◆ DATASET EXTRACT:
**********

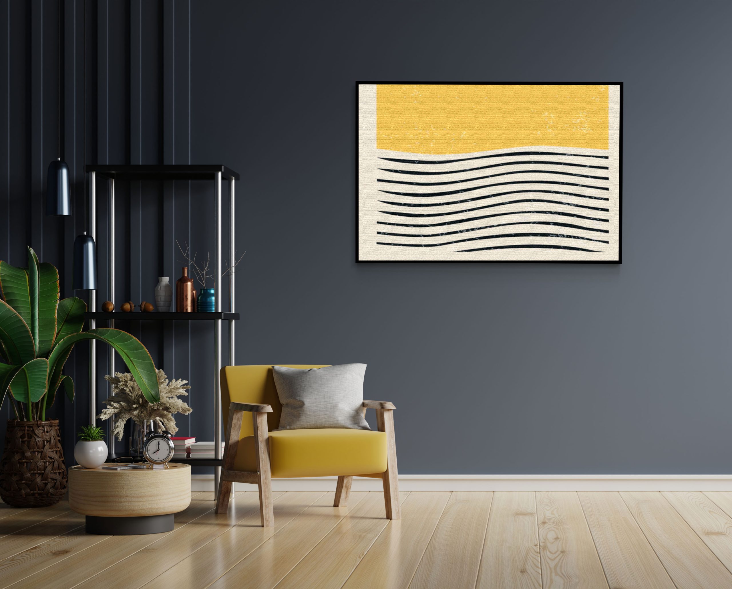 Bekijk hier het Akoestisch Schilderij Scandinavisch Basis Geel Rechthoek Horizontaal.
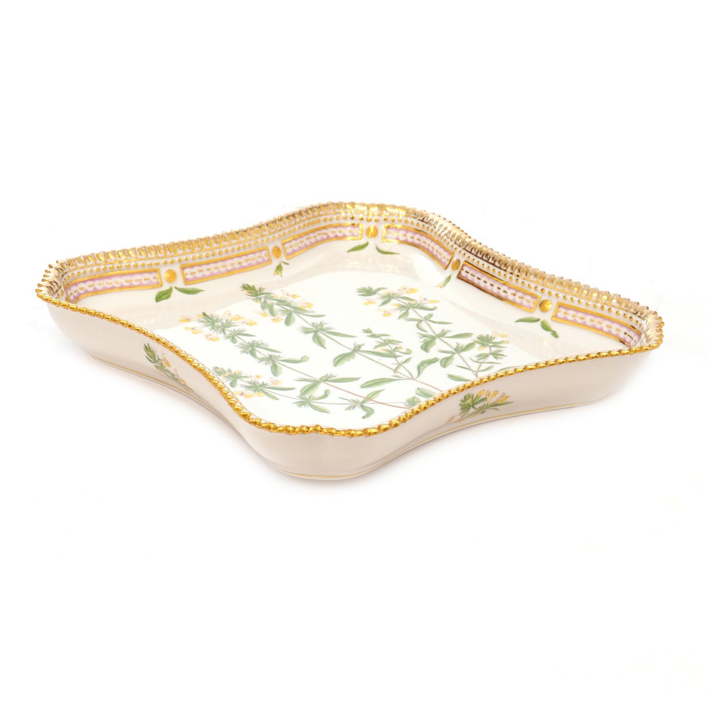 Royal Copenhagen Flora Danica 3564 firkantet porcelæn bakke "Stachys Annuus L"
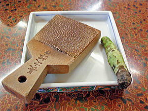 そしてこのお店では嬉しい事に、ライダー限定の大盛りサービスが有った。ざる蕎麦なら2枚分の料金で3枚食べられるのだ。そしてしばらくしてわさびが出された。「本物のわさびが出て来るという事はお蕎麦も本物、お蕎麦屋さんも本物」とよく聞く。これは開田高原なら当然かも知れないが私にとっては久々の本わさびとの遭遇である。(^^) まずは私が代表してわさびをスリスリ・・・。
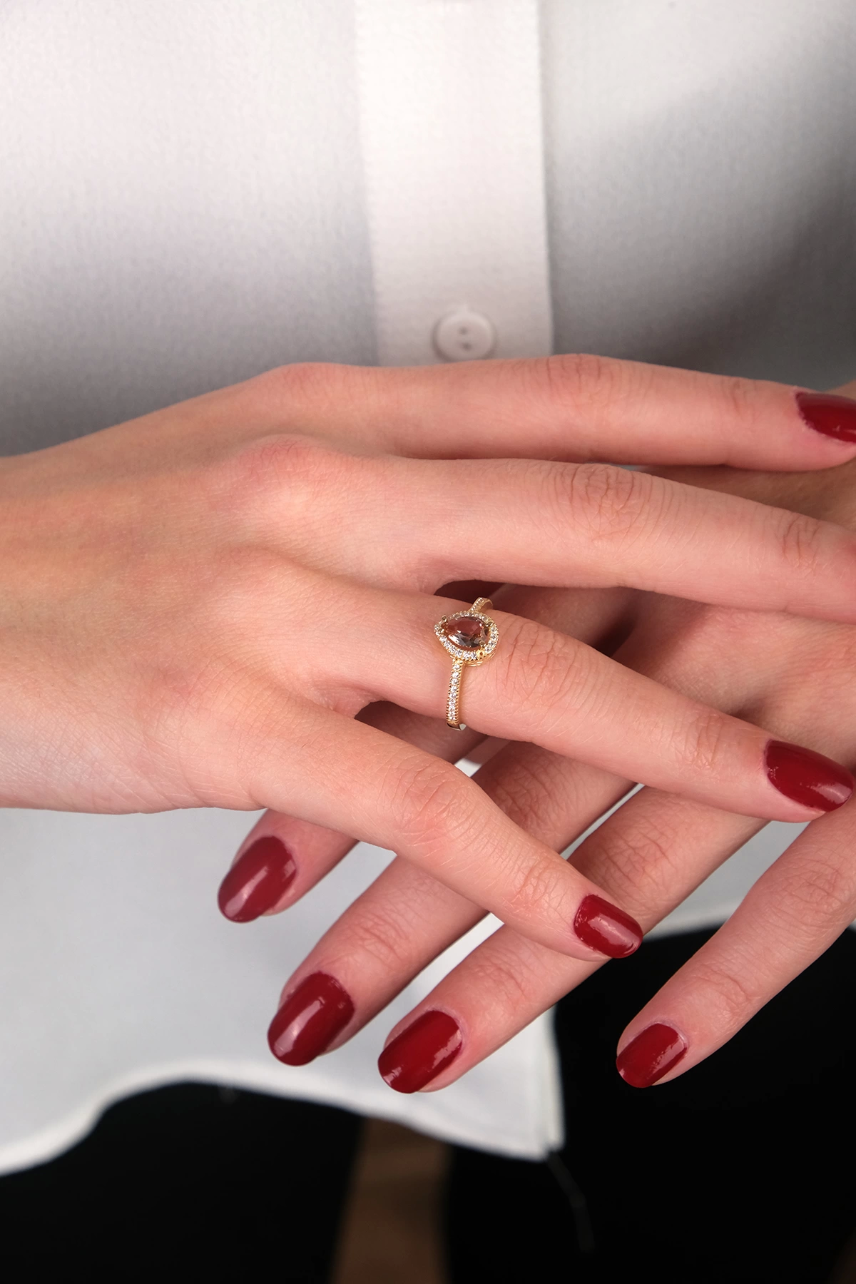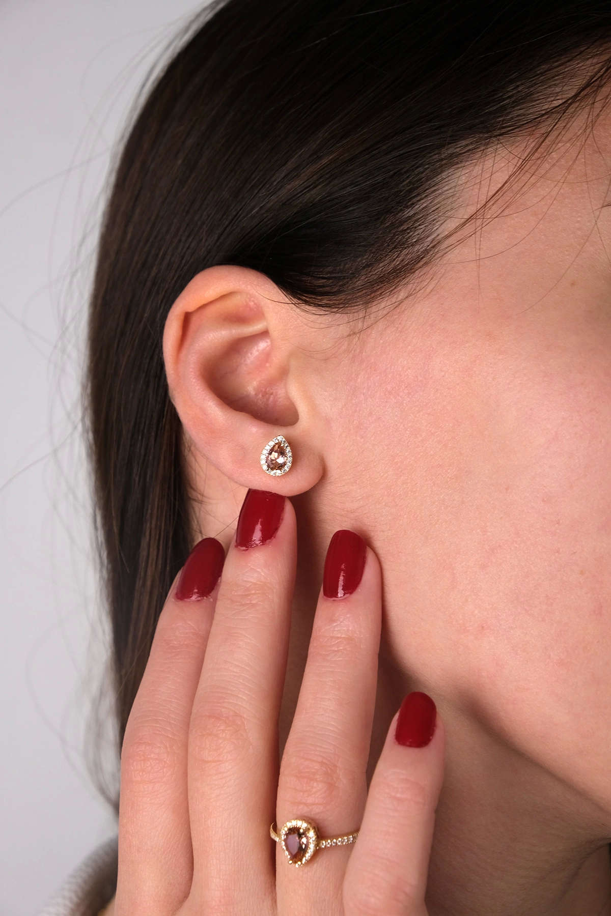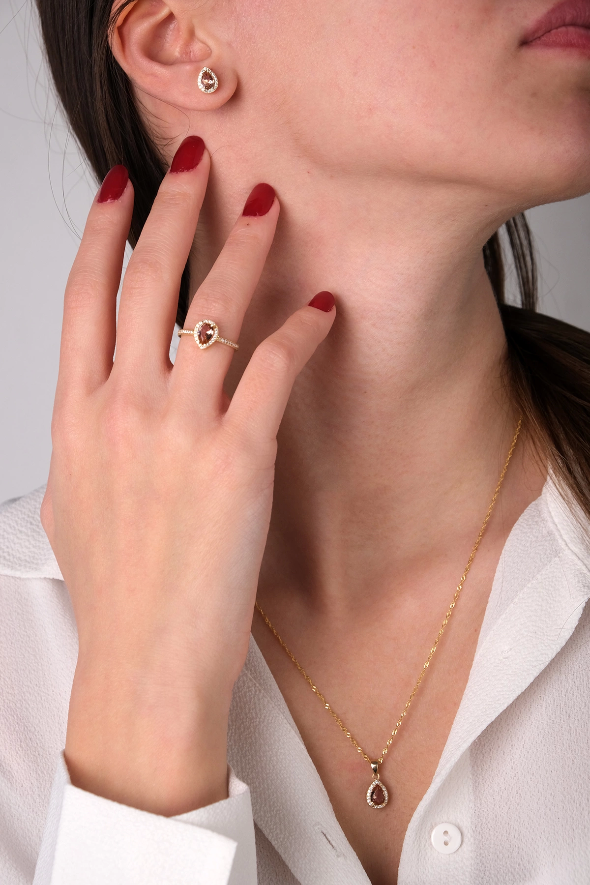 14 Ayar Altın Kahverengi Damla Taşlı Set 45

**********

Write out, word for word, only the lines from the one containing "Royal Copenhagen Flora" to the end of the data above; the pictures stay out.

◆ WRITTEN ANSWER:
 Royal Copenhagen Flora Danica 3564 firkantet porcelæn bakke "Stachys Annuus L"
 そしてこのお店では嬉しい事に、ライダー限定の大盛りサービスが有った。ざる蕎麦なら2枚分の料金で3枚食べられるのだ。そしてしばらくしてわさびが出された。「本物のわさびが出て来るという事はお蕎麦も本物、お蕎麦屋さんも本物」とよく聞く。これは開田高原なら当然かも知れないが私にとっては久々の本わさびとの遭遇である。(^^) まずは私が代表してわさびをスリスリ・・・。
 14 Ayar Altın Kahverengi Damla Taşlı Set 45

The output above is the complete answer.